Join Date: Feb 2008
Originally Posted by Sambo de Amigo
Id say you're on your own. Money isnt the issue i think the fight details are , weight , Championship fight etc etc.
Both camps want to have an edge and i think the only fair thing is meeting in the middle , the money will be good anyways and he will receive a massive bonus regardless.
It does seem pretty unsupported by other people, but I did find one person who has the same thought I did
Mar 10, 2011 - Dana White stated that if Georges St. Pierre defeats Jake Shields at UFC 129, he will move up to 185 pounds and fight Anderson Silva. He may be right, but the issue is far from settled. White apparently went ahead and made this proclamation without consulting St. Pierre, who appeared cool to the idea when asked about it on the UFC on Versus 3 post-fight show.
Fans have salivated over this fight for years, but there is one thing that truly stands in its way: money. If Dana White wants this fight, he is going to have to pay a lot to get it.
A Georges St. Pierre vs. Anderson Silva super fight is a monster revenue event for the UFC. UFC 129 in Toronto is sold out with a reported gate of $11 million. A GSP vs. Anderson Silva fight in Toronto would sell even more tickets at higher prices, and given the UFC's rumored deal with Stubhub, they would then pocket even more money on the secondary market. All in all, the company would probably gross upwards of $17-20 million at the gate alone.
Estimating PPV buys is always difficult, but this fight would do a huge number. The only question is whether it would be the number one buyrate of all time or fall in just behind UFC 100. Given the fact that Anderson Silva just headlined a show against another Brazilian that did over 700,000 buys, I am comfortable estimating that this super fight will at the very least tie the UFC 100 record of 1.6 million buys. Industry sources suggest the UFC takes about $24 in revenue per PPV buy, which means that if my buyrate estimate is correct, PPV revenue would total $38.4 million.
The revenue story doesn't end there. The UFC takes in significant sponsorship revenue from Bud Light, Harley Davidson, Tapout, Boost Mobile, and other companies. In addition to their ongoing deals, they would be able to sell single event spots at a huge rate for a show of this magnitude, and they would also be able to make a lot of money selling in-arena sponsorship spots.
Further, although the UFC's international television deals are confidential, one can surmise that these deals bring in substantial revenue considering the large number of fans watching in Mexico, Australia, Europe, and the Philippines.
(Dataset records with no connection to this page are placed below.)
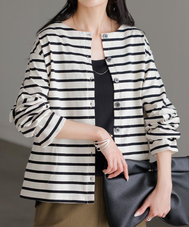 2026SS新作 カーディガン 綿100 配色 レディース トップス カーデ バスク生地 コットン 長袖 クルーネック ボーダー 柄 バイカラー ロンT ジャスト丈 羽織り アウター ライトアウター ゆったり 体型カバー シンプル おしゃれ カジュアル 黒 白 春 夏 HUG.U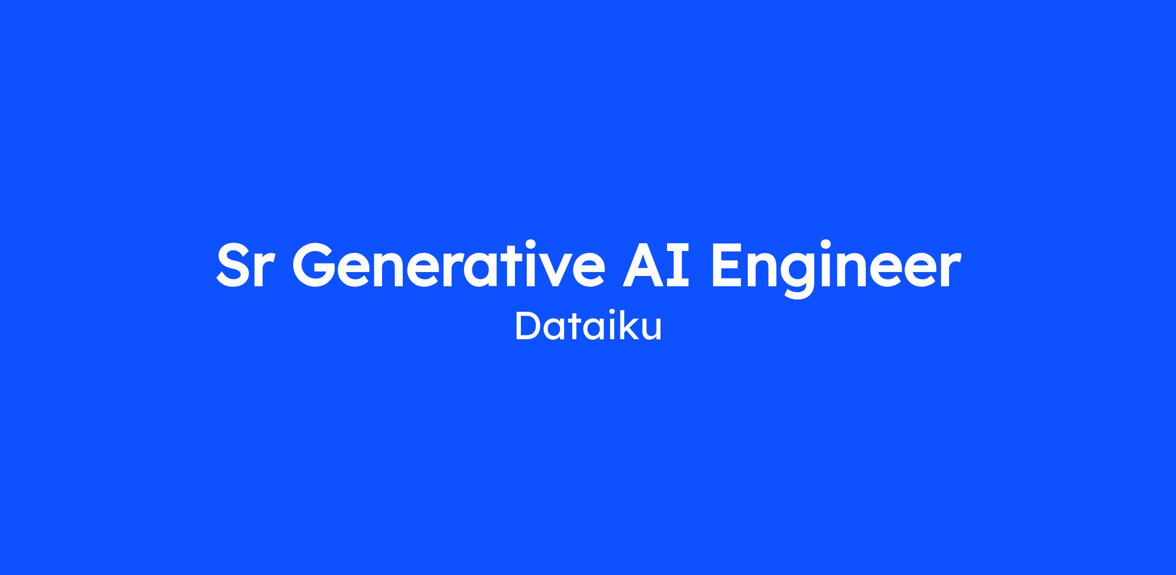 As a Sr Generative AI Engineer on the ED&A team, you will build the agentic AI systems that change how Dataiku runs internally. The role is hands-on and end-to-end, you'll work close to the business, turn real problems into working software, and see your solutions through from first conversation to production.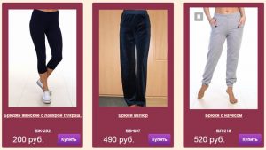Помимо брюк и шорт, здесь же вы можете найти хороший выбор другой одежды для привлечения ещё большего количества клиентов и покупателей. В ассортименте швейного предприятия, халаты, платья, костюмы, сарафаны, туники, рубашки, футболки, блузы, толстовки, водолазки, ночные сорочки, пижамы. Заходите на сайт, чтобы ознакомиться с полным каталогом продукции, расценками, акциями, контактами для связи.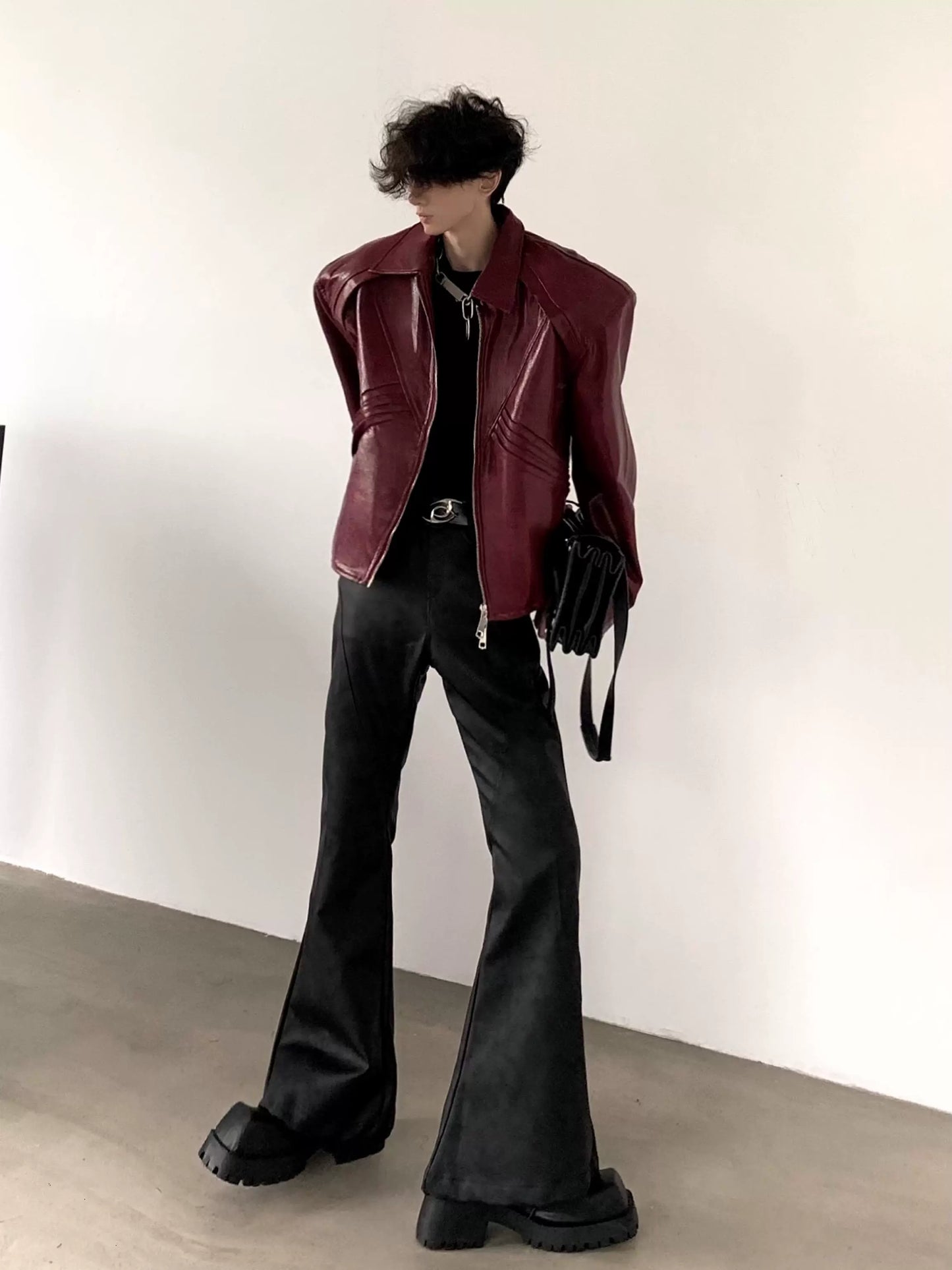 Shoulder Pad Wine Red PU Leather Jacket WN9180

Finally, the UFC also earns significant merchandise revenue at live events, with spending at prior events coming in at $16.36 per cap according to Sports Business Daily.
All told, a Georges St. Pierre vs. Anderson Silva super fight will probably gross over $60 million in revenue in a single night. Will the UFC's biggest star, Georges St. Pierre, be able to cash in?
Fans have predictably misunderstood St. Pierre's attitude regarding a potential move to 185. They believe he is "scared" or unsure about moving up. In reality, he is playing it cool in order to get the best deal possible. Who can blame him? He is the key player in the biggest fight in UFC history, he deserves a big piece of the pie.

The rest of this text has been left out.